3.3.8 is outdated and unsupported. KFP recently added support for Argo 3.4.x in https://github.com/kubeflow/pipelines/pull/10568, which is supported

    image: gcr.io/ml-pipeline/workflow-controller:v3.3.10-license-compliance

This is not an Argo image, that is a Kubeflow fork, so Argo cannot help you with that.

Currently every pipeline/workflow ends with above error.

We have the same version on other environments and it works there.

If it works in a different environment, that sounds like an environment issue and not an Argo bug. Every Workflow failing in one environment but not another sounds very much like an environment issue.

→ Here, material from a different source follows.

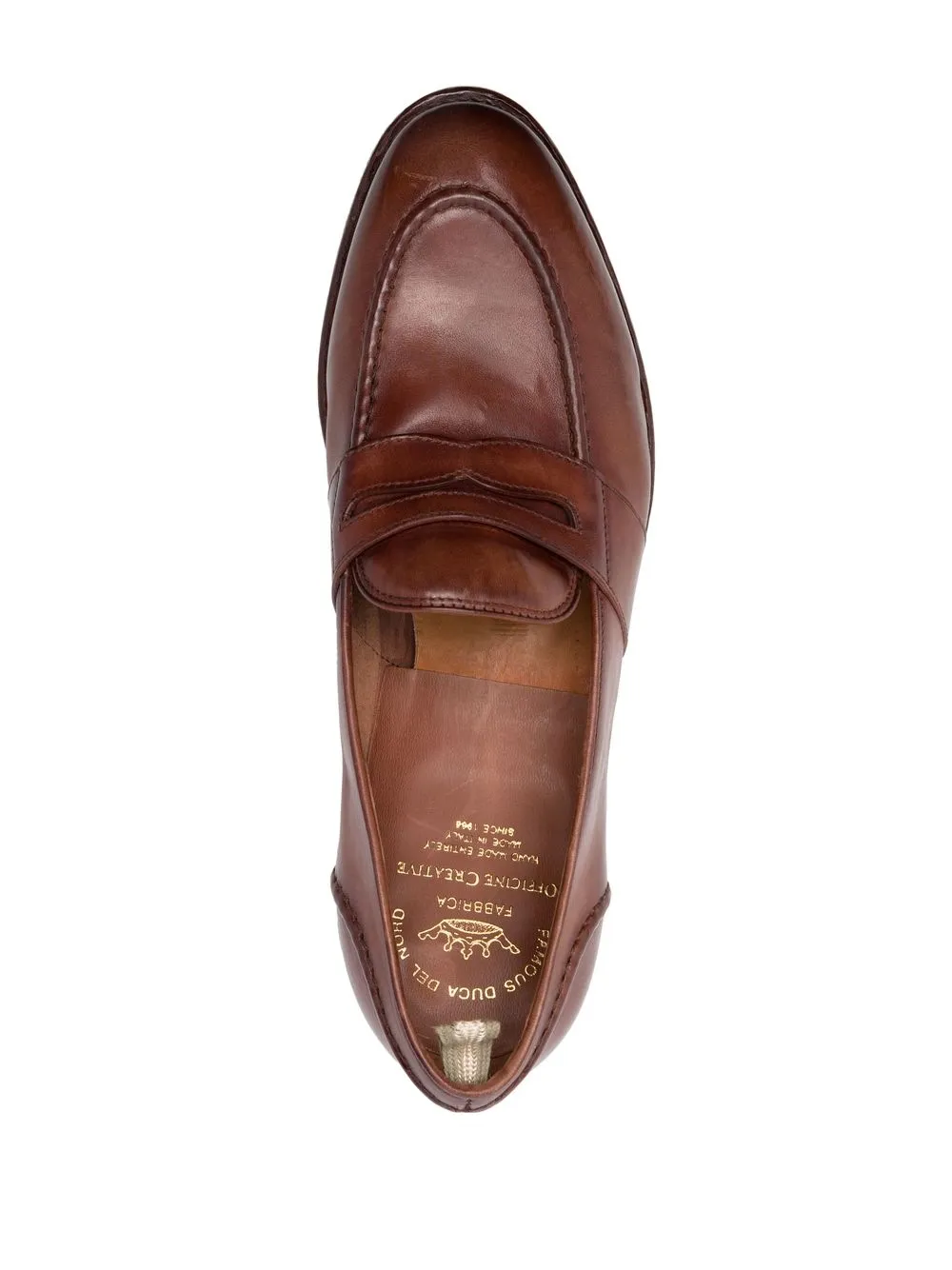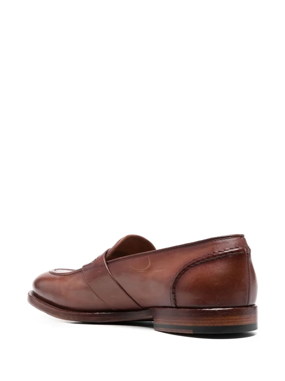 Temple leather Penny loafers from OFFICINE CREATIVE featuring brown, calf leather, penny slot, almond toe, almond toe, branded leather insole and flat rubber sole.

I've tried with hello-world workflow and issue is the same:

Similarly, Argo runs many tests in CI and has many users; the hello-world workflow certainly works, so this sounds like an environment issue as well. To be explicit, I cannot reproduce that.

    - --executor-image
    - quay.io/argoproj/workflow-controller:latest

The Controller is not an Executor, so that is an incorrect configuration and possibly the source of your errors. I've also never seen an error with the format "{{`ppln-from-vsc-xkhhr`}}" -- the backticks in a template seem invalid -- so this sounds like some very unexpected configuration was given to Argo, which would correctly result in an error.

You also did not provide your Controller ConfigMap, which could also have bugs in it.

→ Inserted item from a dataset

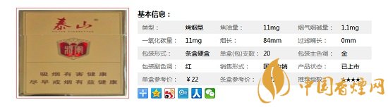 老版的三星將軍焦油量比較高,改版后的泰山將軍雖然口感確實不如三星將軍,但是即使降焦了味道也比很多20檔的煙口感要好上許多。泰山將軍煙草用料足,燃燒較慢,口感濃郁,算得上魯產(chǎn)高檔卷煙的經(jīng)典作品。下面一起來看下泰山將軍的具體參數(shù):一盒20支,煙長84mm,焦油量11mg,煙堿量1.1mg,一氧化碳量11mg。

workflow-controller time="2024-08-27T13:51:18.924Z" level=info msg="Get configmaps 404"
workflow-controller time="2024-08-27T13:51:18.924Z" level=warning msg="Non-transient error: configmaps \"artifact-repositories\" not found"

You also have some other issues popping up in your logs that are indicative of misconfigurations.